West Coast was formed in 1941 and acquired fellow local service carrier Empire Air Lines in 1952.[3][4][5][6] The company was based at Boeing Field in Seattle and began scheduled passenger service in 1946 with a fleet of Douglas DC-3s, marketed as Scenicliners.[7]
A promotional film produced for the company in the 1960s said that in 1946 the federal Civil Aeronautics Board (CAB) granted the first regional airline certificate to West Coast Airlines as local service air carrier.
In July 1953, West Coast scheduled flights to 32 airports in Washington, Oregon, and Idaho; in May 1968 it flew to 36 airports including 29 in those states. Like other Local Service airlines West Coast was subsidized; in 1962 its revenues included $6.6 million from passengers and $5.4 million for mail.[8]
West Coast was the first local service airline in the U.S. to use turbine airliners when it began Fairchild F-27 flights in September 1958. The F-27 was the U.S. manufactured version of the Dutch built Fokker F27 Friendship. In June 1968 West Coast was the first airline to order Fairchild 228 twin jets with the acquisition of three planned, but the F-228, a smaller variant of the Dutch manufactured Fokker F28 Fellowship, never made it to production.[9] The only jet operated by West Coast was the Douglas DC-9-14 with 75 seats, all coach.
On July 1, 1968, West Coast merged with Pacific Air Lines and Bonanza Air Lines
to form Air West, which became Hughes Airwest in 1970. In 1968, West Coast operated Douglas DC-9s, Fairchild F-27s, Douglas DC-3s, and Piper Navajos. The DC-3s were not transferred to Air West and were retired; the Navajos continued for a short time. The West Coast route system then included cities in Idaho, Oregon, Washington, and several in Montana. San Francisco, Oakland, and Sacramento in northern California were added in 1959 with Salt Lake City being served later. West Coast's only international destination was Calgary, Alberta, which was served with F-27s from Spokane. Almost all West Coast flights at Seattle used Boeing Field (BFI) instead of Seattle–Tacoma International Airport (SEA); after the merger Air West and successor Hughes Airwest continued to use BFI until DC-9 and F-27 flights moved to SEA in 1971.[10]

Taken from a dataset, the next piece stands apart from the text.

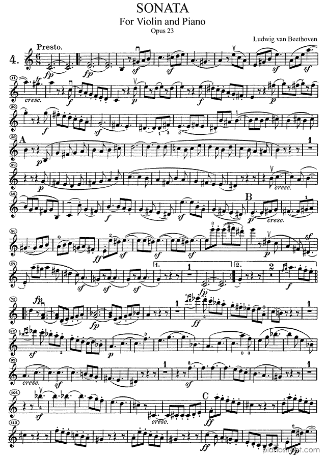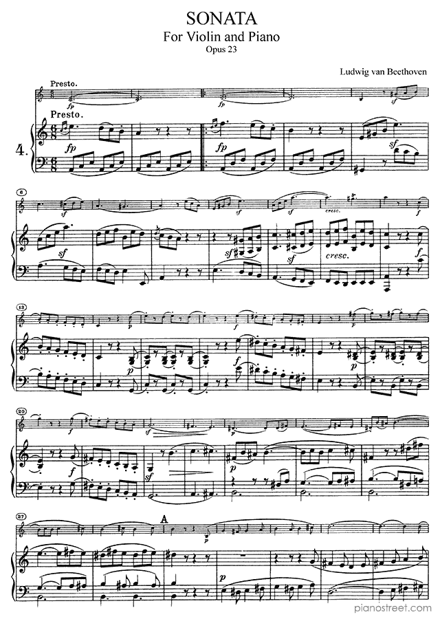 Beethoven: Sonata for Violin and Piano Op. 23 in A Minor . DOWNLOAD piano sheet music from Piano Street digital sheet music library.

Jet service destinations in 1968
The April 28, 1968 West Coast timetable listed the following cities being served with Douglas DC-9-10 jets:[11]
In 2001 an attempt was made to resurrect the West Coast Airlines name, with plans for an airline based in Concord, California, to connect several Northern California cities with Las Vegas, Reno and San Diego. The effort ended in bankruptcy.[12]
On August 24, 1963, a Fairchild F-27 operating West Coast Airlines Flight 794, flying from Spokane, Washington to Calgary, Canada crashed short of the runway at Calgary. An investigation concluded that the pilot failed to maintain the approved minimum altitude during the approach. There were no fatalities among the 16 occupants.[13]